By arranging the electromagnetic pump 24 and the power generation device 43 at a position higher than the tank base 19, a lower accommodating space 54 for blocking heat from the base 7 is interposed between the base 7 and the electromagnetic pump 24, and electromagnetic waves are generated. The temperature rise of the pump 24 and the power generation device 43 is avoided. Further, since the heat shield portion 15A of the cover 15 is also arranged in the lower accommodation space 54, the heat shield portion 15A also effectively blocks the heat from the base 7, and the temperature of the electromagnetic pump 24 and the power generation device 43 rises. Can be further avoided. In particular, since the power generation device 43 is provided at the rearmost portion of the grip portion 31 of the handle 16 farthest from the base 7, the thermal influence from the base 7 on the power generation device 43 can be avoided to the maximum.

As a modification, the upper surface of the tank assembly 17 facing the base 28A of the handle base 28 may be formed in a concave shape, and the electromagnetic pump 24 may be accommodated and arranged therein. In this case, the heat from the base 7 can be more effectively cut off by utilizing the storage space 20 of the tank assembly 17 interposed between the electromagnetic pump 24 and the base 7. Such an effect is similarly exhibited in the heat generating device 43 in which the storage space 20 is interposed between the base 7 and the base 7.

The plug unit 2 mainly includes a flexible power supply cord 61 and a power supply plug 62 provided at the base end of the power supply cord 61. Although not shown, a power plug that can be inserted into and removed from a household outlet is provided at the tip of the power cord 61. In the present embodiment, the power supply plug 62 with the power cord 61 can be attached to and detached from both the steamer main body 1 and the stand 3.

The power supply plug 62 is provided with a cordless changeover switch 63 that allows the power supply plug 62 to be manually fitted or not fitted into the recess 5 of the steamer body 1. The cordless changeover switch 63 is provided so as to be slidable back and forth on the upper surface side of the power supply plug 62, and when the power supply plug 62 as shown in FIG. 5 is mounted on the stand 3, the plug unit 2 is mounted from the steamer main body 1. In order to use the steamer main body 1 in the removed cordless state, the cordless changeover switch 63 is moved forward on one side to release the mating between the steamer main body 1 and the power feeding plug 62. On the other hand, in order to use the steamer main body 1 with the power supply plug 62 removed from the stand 3 and the plug unit 2 attached to the steamer main body 1 with a cord, the cordless changeover switch 63 is moved to the rear side on the other side. Then, the steamer main body 1 and the power feeding plug 62 are fitted. At this time, the front part of the power supply plug 62 is attached to the recess 5 of the steamer main body 1, but the rear part of the power supply plug 62 including the cordless changeover switch 63 is exposed without being surrounded by the recess 5, and the user can use it at any time. However, the cordless changeover switch 63 can be manually operated. The recess 5 of the steamer body 1 is provided with a pair of power receiving terminals 64 that can be electrically connected to the power feeding terminals (not shown) of the plug unit 2.

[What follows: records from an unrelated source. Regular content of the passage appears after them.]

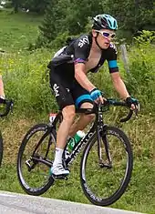 In June, Thomas led Team Sky at the 2018 Critérium du Dauphiné in the absence of Chris Froome, who had won the Giro d'Italia a week earlier.[107] Thomas crashed during the opening prologue and finished over 20 seconds down on Kwiatkowski, who won the stage.[108] Team Sky won the team time trial on Stage 3 with Thomas rising to fourth overall.[109] Thomas took the race lead after finishing second on Stage 5 to Valmorel[110] and increased his lead over Adam Yates to 1 minute 29 seconds on the following stage.[111] Despite having to chase back twice after suffering two punctures on the final stage, Thomas held on to take overall victory ahead of Yates and Romain Bardet (AG2R La Mondiale).[112]
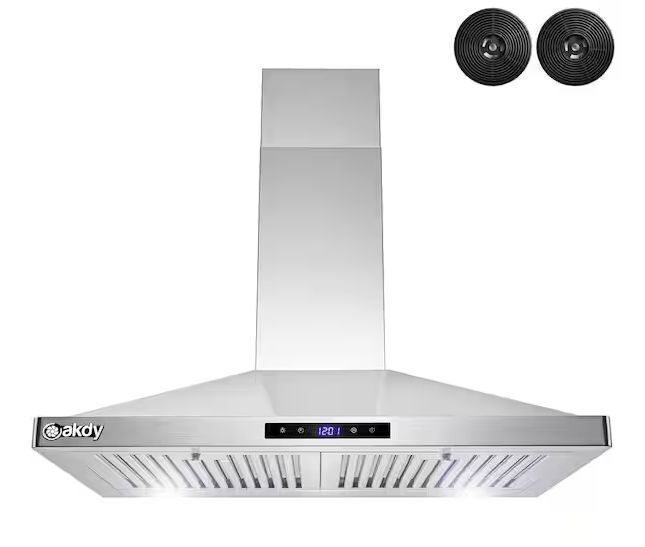 AKDY 30 in. Convertible Kitchen Wall Mount Range Hood in Stainless Steel with LEDs, Touch Control and Carbon Filters
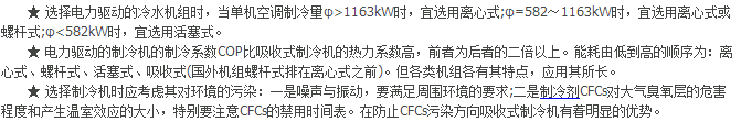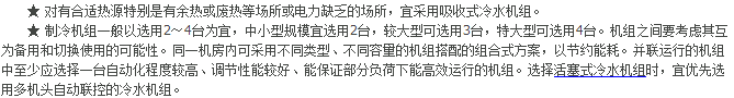 ★ 對大型集中空調系統的冷源,宜選用結構緊湊、占地面積小及壓縮機、電動機、冷凝器、蒸發器和自控組件等都組裝在同一框架上的冷水機組。對小型全空氣調節系統,宜采用直接蒸發式壓縮冷凝機組。
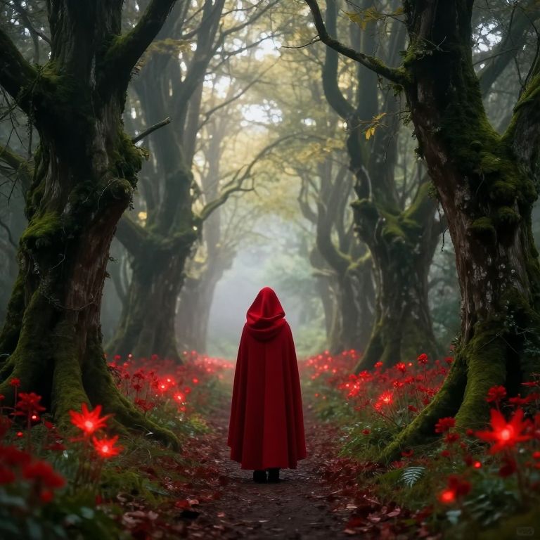 A solitary figure draped in a vibrant red cloak stands at the threshold of an ethereal forest, where sunlight filters through misty branches, casting an otherworldly glow over a path lined with glowing red flowers and ancient, moss-covered trees.
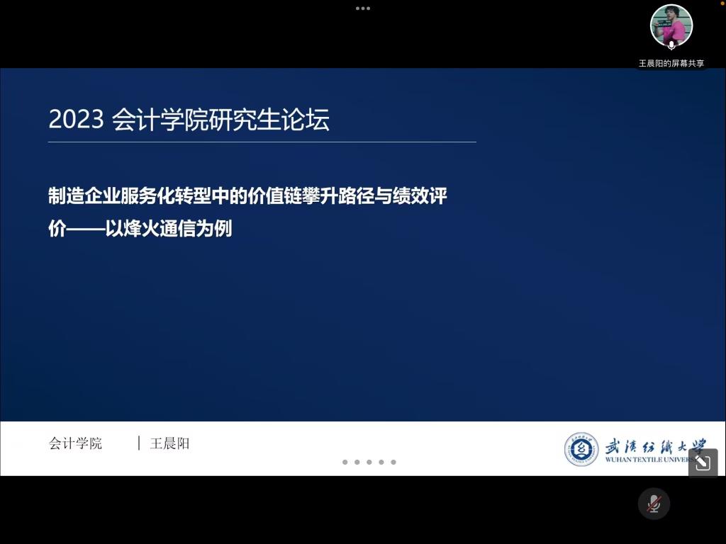 王晨阳同学分享的论文题目是《制造企业服务化转型中的价值链攀升路径与绩效评价——以烽火通信为例》,详细介绍了论文的研究背景、研究意义、国内外研究现状、可能的创新之处、研究方法与技术路线。麻丽娜老师点评到论文中企业服务化转型与价值链关系有割裂,并且提出需要对制造业服务化转型现状以及财务绩效维度选取的依据进行补充。
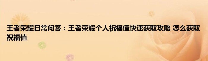以上就是王者荣耀日常问答:王者荣耀个人祝福值快速获取攻略,怎么获取祝福值的推荐,相信通过王者荣耀日常问答:王者荣耀个人祝福值快速获取攻略,怎么获取祝福值这篇文章能帮到你,也欢迎对游戏很感兴趣小伙伴们一起来探讨。

The pedestal 3 is provided at the main body mounting portion 66 formed so as to be inclined with respect to the floor surface S and behind the main body mounting portion 66 so that the front of the steamer main body 1 is mounted obliquely upward. It is provided with a concave plug accommodating portion 67 to be provided, and a cord drawer portion 68 provided at the rear portion of the pedestal 3 to pull out the power cord 61 to the outside of the pedestal 3 when the power feeding plug 62 is attached to the plug accommodating portion 67. There is. When the power supply plug 62 is inserted from the open front side of the plug accommodating portion 67, the power supply plug 62 is fitted and held in the plug accommodating portion 67, while when the power supply plug 62 is pulled out toward the front side from this state, the power supply plug 62 And the plug accommodating portion 67 are disengaged from each other.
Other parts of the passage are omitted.